What this task involves: Set down, exactly as written, the lines from the line holding "I know this" to the end of the data, inclusive, skipping any pictures.

Supplied records:
==============================

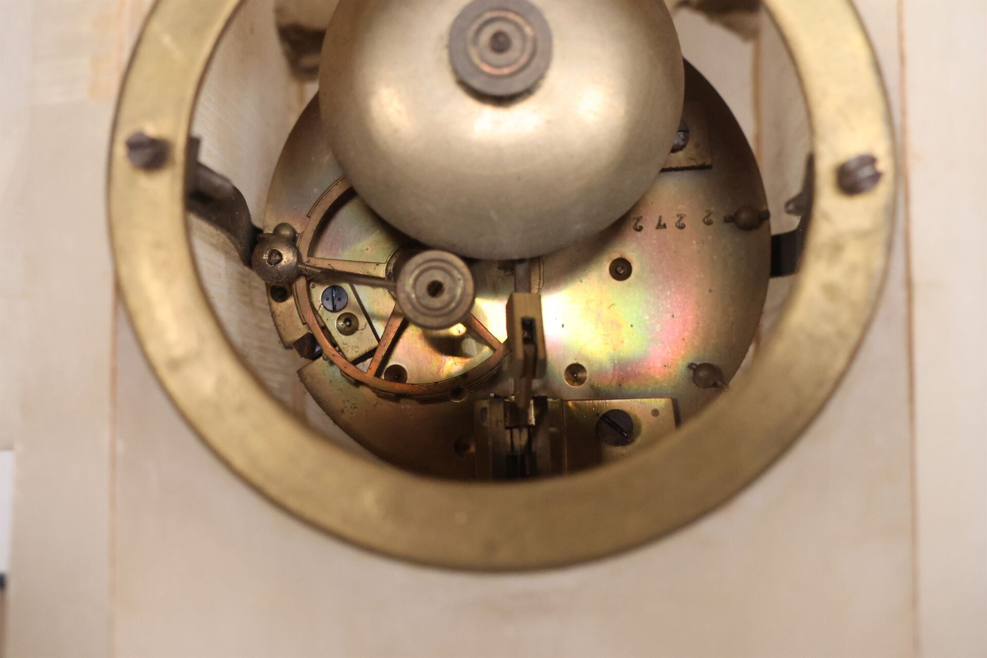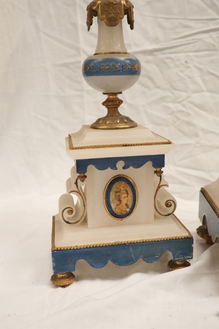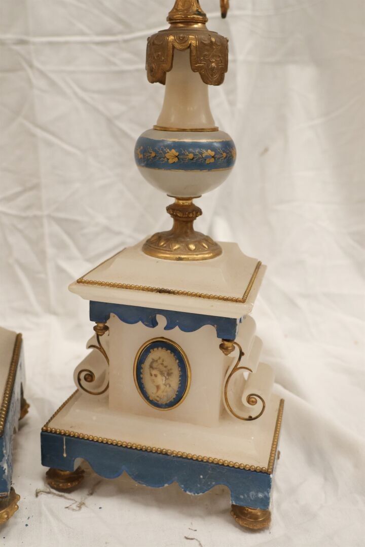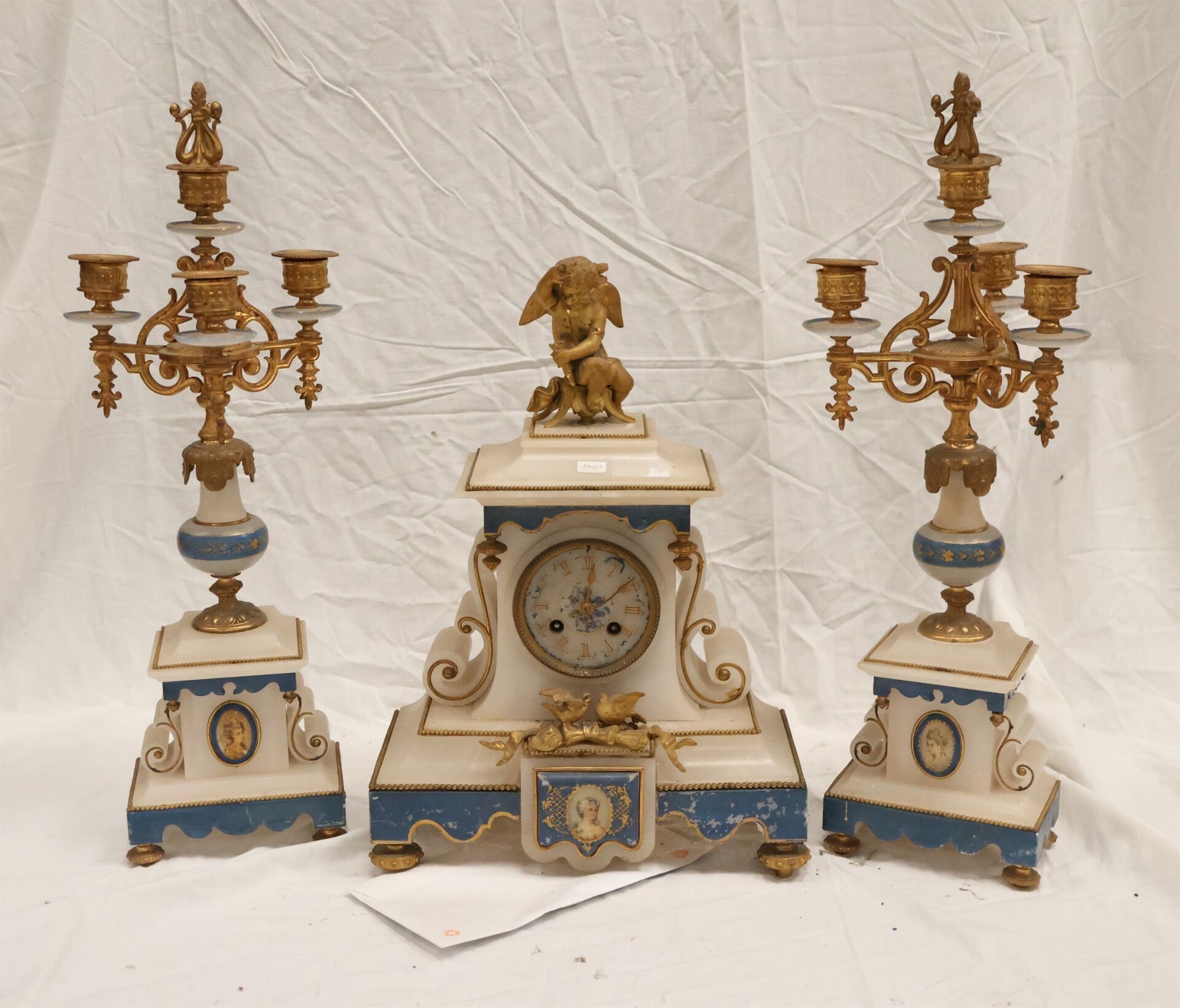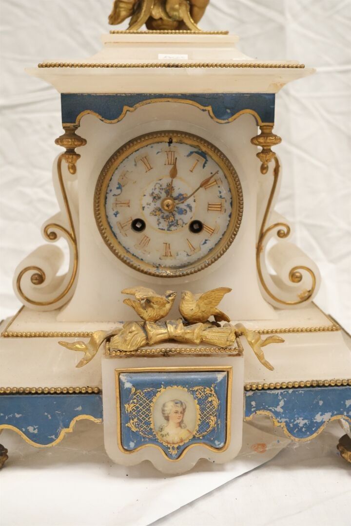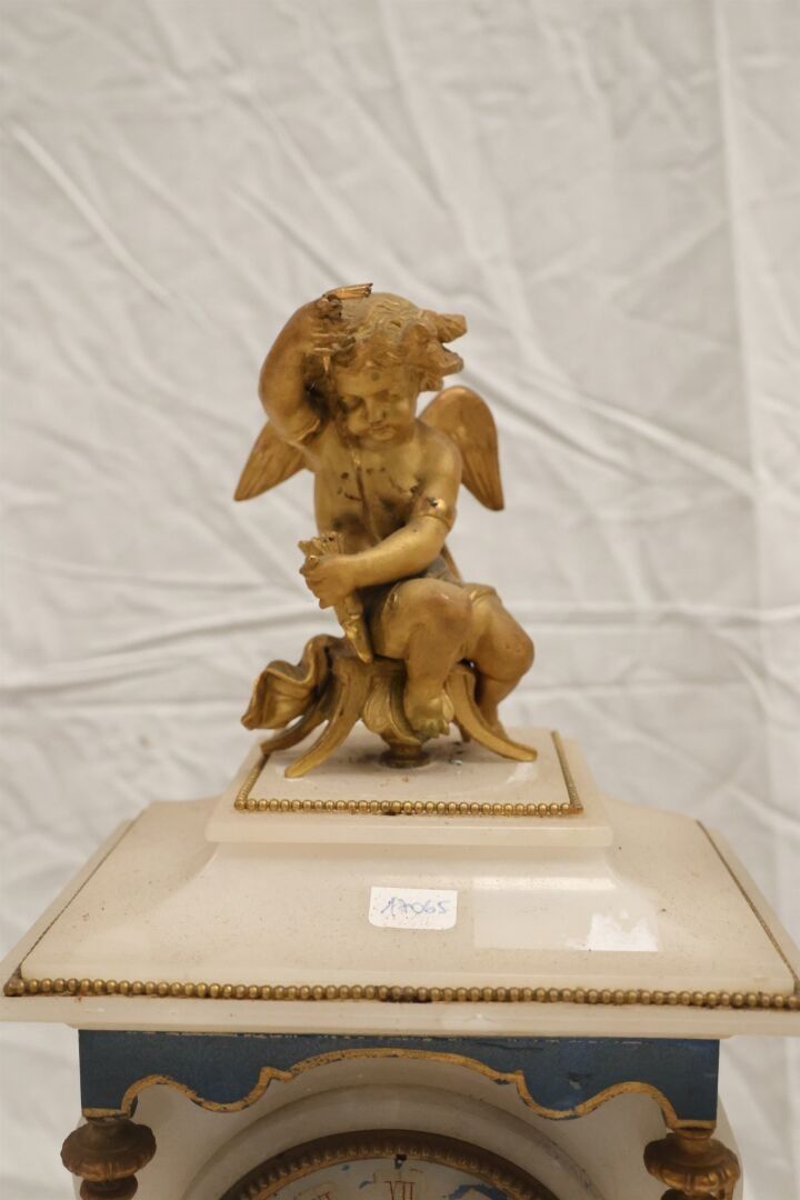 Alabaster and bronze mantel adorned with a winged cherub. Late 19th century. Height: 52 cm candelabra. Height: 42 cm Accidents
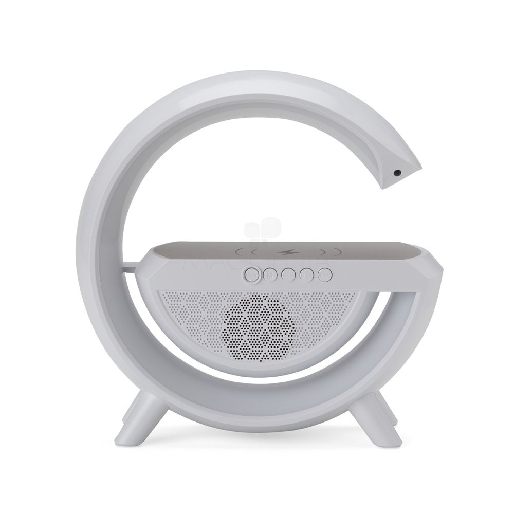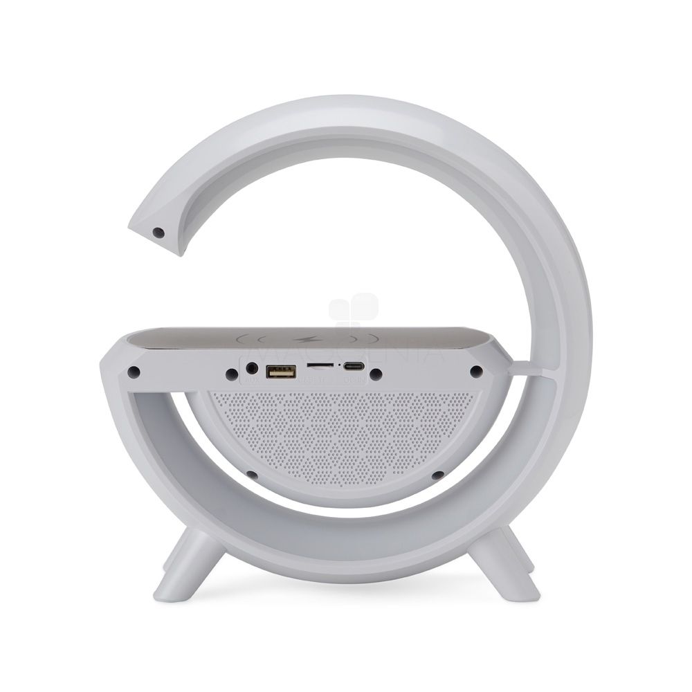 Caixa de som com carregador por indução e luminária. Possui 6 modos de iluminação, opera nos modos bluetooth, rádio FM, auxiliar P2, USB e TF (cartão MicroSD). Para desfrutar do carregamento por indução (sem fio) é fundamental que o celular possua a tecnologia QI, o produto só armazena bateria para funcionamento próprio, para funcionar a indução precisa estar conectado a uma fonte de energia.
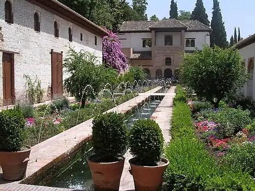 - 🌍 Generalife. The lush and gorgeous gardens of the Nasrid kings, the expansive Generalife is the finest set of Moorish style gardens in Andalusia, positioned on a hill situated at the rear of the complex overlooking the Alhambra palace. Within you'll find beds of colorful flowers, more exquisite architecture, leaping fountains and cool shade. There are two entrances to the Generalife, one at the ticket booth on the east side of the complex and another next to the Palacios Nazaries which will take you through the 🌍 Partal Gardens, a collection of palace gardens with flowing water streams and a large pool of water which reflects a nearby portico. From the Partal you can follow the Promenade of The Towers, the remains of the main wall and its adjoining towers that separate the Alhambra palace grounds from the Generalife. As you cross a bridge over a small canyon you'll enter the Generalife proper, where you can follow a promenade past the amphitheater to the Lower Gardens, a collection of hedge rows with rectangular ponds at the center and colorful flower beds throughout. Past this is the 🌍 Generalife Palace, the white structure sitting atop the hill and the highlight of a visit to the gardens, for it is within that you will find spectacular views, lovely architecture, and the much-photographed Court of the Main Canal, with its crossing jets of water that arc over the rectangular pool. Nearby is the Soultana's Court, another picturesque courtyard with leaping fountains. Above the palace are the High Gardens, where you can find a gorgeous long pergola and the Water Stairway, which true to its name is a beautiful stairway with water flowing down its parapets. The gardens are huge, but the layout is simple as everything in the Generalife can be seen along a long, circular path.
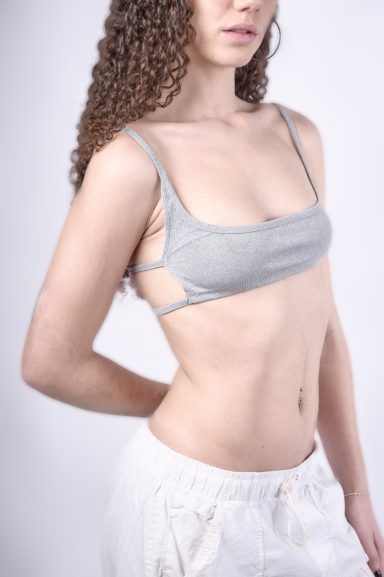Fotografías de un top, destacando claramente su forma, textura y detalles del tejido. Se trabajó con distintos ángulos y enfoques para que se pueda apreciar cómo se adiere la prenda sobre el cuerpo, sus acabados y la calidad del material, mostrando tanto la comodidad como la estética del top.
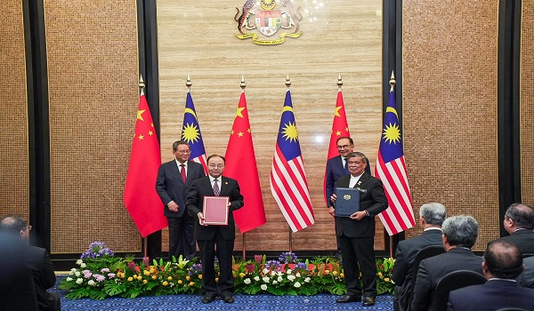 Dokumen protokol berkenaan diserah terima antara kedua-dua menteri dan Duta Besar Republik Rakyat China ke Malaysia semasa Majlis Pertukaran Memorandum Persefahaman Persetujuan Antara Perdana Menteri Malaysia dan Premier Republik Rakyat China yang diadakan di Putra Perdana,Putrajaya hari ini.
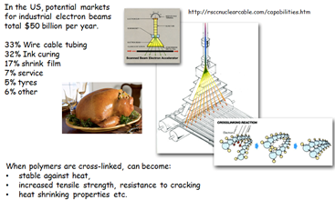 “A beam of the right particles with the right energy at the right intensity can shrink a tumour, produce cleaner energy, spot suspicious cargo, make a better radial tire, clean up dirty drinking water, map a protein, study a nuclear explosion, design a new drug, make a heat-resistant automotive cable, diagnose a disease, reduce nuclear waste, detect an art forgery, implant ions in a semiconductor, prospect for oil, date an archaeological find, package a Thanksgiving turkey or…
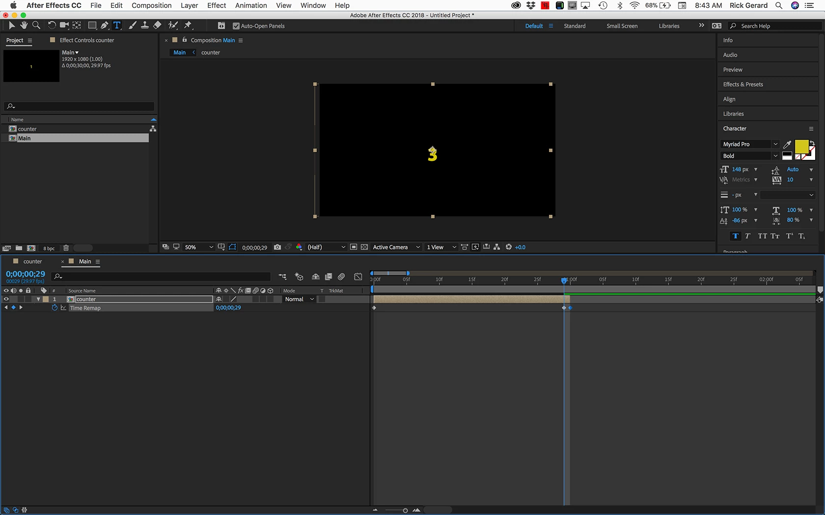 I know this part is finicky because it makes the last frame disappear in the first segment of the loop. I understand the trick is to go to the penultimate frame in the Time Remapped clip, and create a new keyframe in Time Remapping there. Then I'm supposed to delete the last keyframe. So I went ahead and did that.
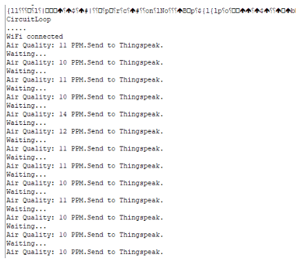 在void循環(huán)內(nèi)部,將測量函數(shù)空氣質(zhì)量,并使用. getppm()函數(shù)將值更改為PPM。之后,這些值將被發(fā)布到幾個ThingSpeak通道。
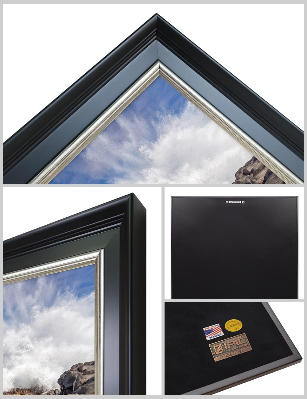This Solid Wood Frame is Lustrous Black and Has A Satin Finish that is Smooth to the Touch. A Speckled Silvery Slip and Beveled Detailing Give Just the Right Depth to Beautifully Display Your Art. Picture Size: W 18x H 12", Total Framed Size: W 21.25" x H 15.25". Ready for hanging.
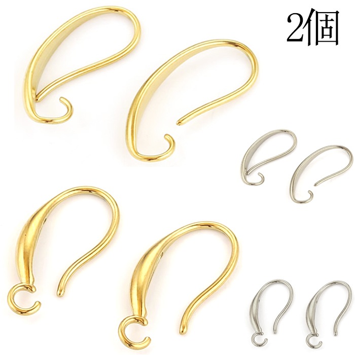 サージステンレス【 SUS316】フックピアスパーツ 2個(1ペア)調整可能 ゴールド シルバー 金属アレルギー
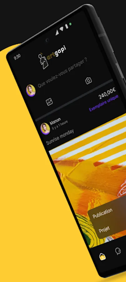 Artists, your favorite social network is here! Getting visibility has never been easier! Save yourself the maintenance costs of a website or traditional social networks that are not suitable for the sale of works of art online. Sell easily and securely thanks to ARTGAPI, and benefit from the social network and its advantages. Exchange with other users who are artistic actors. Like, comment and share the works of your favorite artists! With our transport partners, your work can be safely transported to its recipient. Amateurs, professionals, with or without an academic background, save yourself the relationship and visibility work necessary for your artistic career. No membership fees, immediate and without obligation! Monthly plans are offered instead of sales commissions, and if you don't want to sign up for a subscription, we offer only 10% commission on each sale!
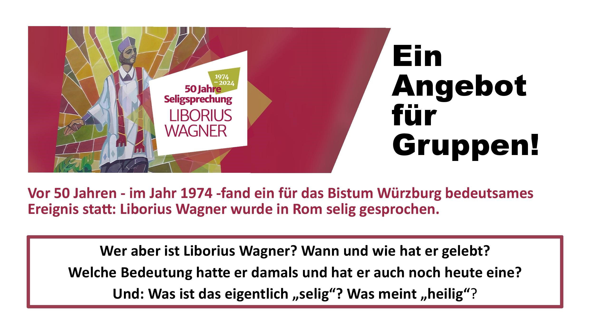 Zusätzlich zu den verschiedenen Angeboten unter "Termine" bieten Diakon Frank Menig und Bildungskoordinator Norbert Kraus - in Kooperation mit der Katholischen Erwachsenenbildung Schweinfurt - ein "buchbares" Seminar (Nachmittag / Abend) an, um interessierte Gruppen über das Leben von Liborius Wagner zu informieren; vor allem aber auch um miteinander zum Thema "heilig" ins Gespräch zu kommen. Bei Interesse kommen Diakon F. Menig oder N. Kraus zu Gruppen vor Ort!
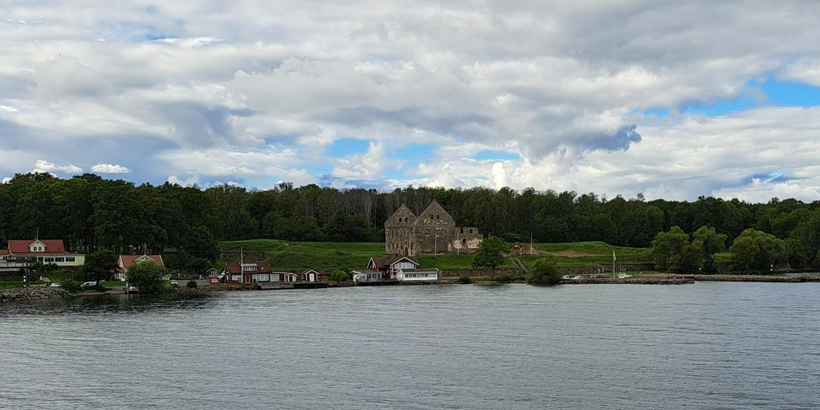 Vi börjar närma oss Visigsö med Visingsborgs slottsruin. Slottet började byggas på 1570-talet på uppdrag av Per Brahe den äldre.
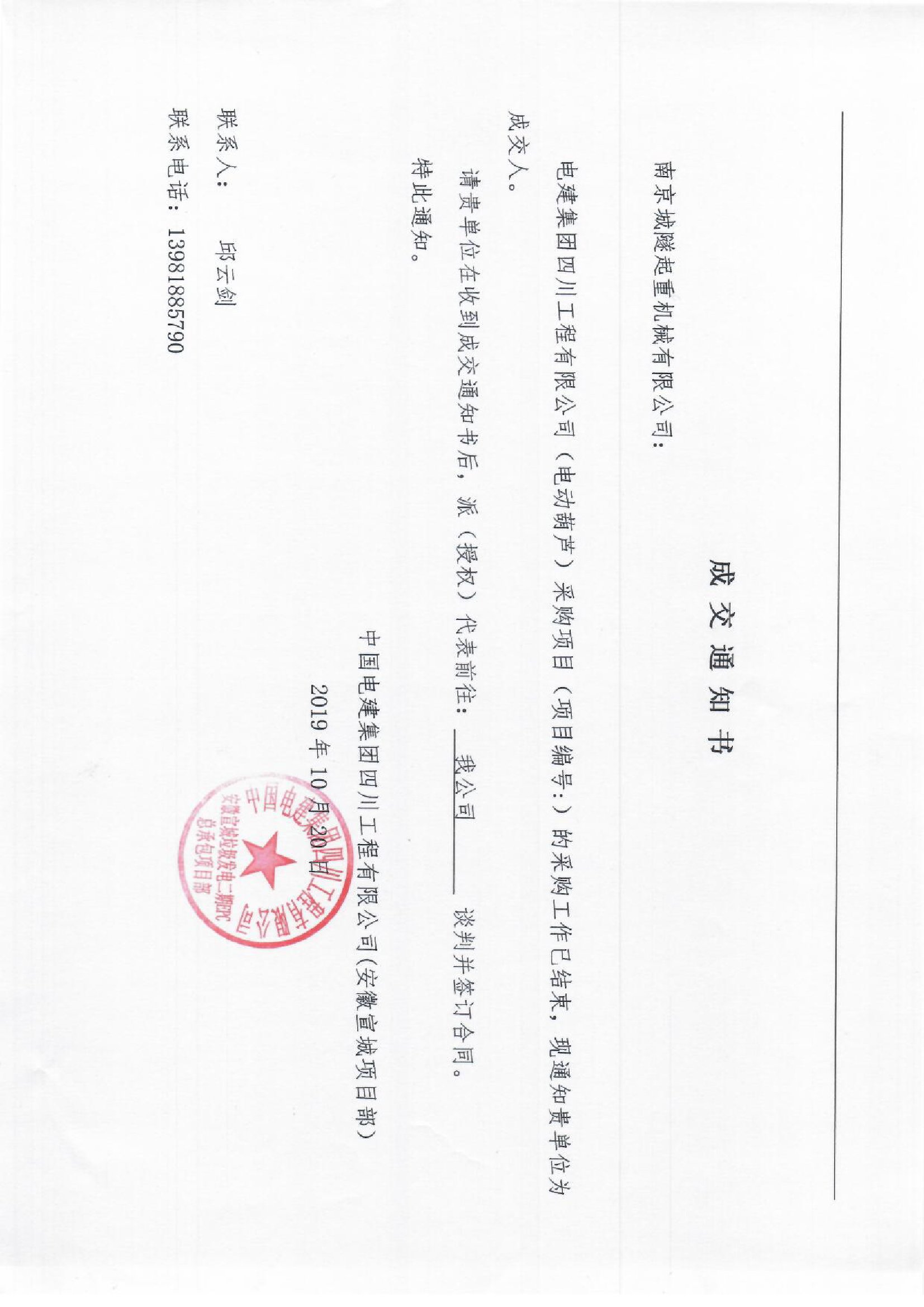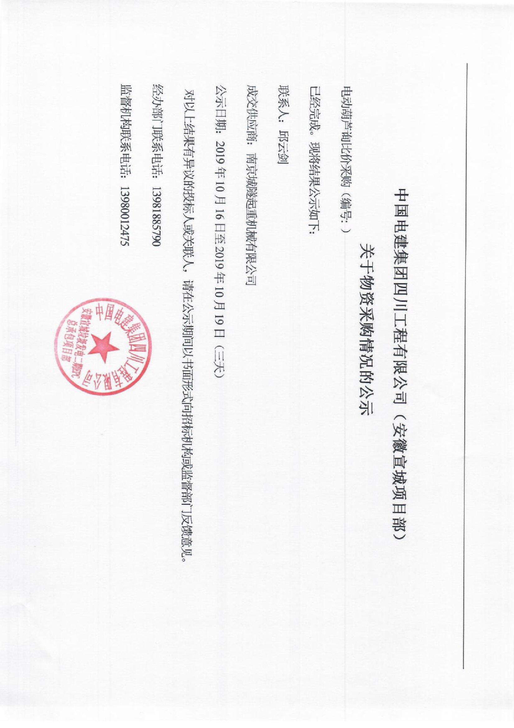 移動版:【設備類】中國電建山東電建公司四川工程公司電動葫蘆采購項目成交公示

==============================

Task result:
 I know this part is finicky because it makes the last frame disappear in the first segment of the loop. I understand the trick is to go to the penultimate frame in the Time Remapped clip, and create a new keyframe in Time Remapping there. Then I'm supposed to delete the last keyframe. So I went ahead and did that.
 在void循環(huán)內(nèi)部,將測量函數(shù)空氣質(zhì)量,并使用. getppm()函數(shù)將值更改為PPM。之后,這些值將被發(fā)布到幾個ThingSpeak通道。
This Solid Wood Frame is Lustrous Black and Has A Satin Finish that is Smooth to the Touch. A Speckled Silvery Slip and Beveled Detailing Give Just the Right Depth to Beautifully Display Your Art. Picture Size: W 18x H 12", Total Framed Size: W 21.25" x H 15.25". Ready for hanging.
 サージステンレス【 SUS316】フックピアスパーツ 2個(1ペア)調整可能 ゴールド シルバー 金属アレルギー
 Artists, your favorite social network is here! Getting visibility has never been easier! Save yourself the maintenance costs of a website or traditional social networks that are not suitable for the sale of works of art online. Sell easily and securely thanks to ARTGAPI, and benefit from the social network and its advantages. Exchange with other users who are artistic actors. Like, comment and share the works of your favorite artists! With our transport partners, your work can be safely transported to its recipient. Amateurs, professionals, with or without an academic background, save yourself the relationship and visibility work necessary for your artistic career. No membership fees, immediate and without obligation! Monthly plans are offered instead of sales commissions, and if you don't want to sign up for a subscription, we offer only 10% commission on each sale!
 Zusätzlich zu den verschiedenen Angeboten unter "Termine" bieten Diakon Frank Menig und Bildungskoordinator Norbert Kraus - in Kooperation mit der Katholischen Erwachsenenbildung Schweinfurt - ein "buchbares" Seminar (Nachmittag / Abend) an, um interessierte Gruppen über das Leben von Liborius Wagner zu informieren; vor allem aber auch um miteinander zum Thema "heilig" ins Gespräch zu kommen. Bei Interesse kommen Diakon F. Menig oder N. Kraus zu Gruppen vor Ort!
 Vi börjar närma oss Visigsö med Visingsborgs slottsruin. Slottet började byggas på 1570-talet på uppdrag av Per Brahe den äldre.
 移動版:【設備類】中國電建山東電建公司四川工程公司電動葫蘆采購項目成交公示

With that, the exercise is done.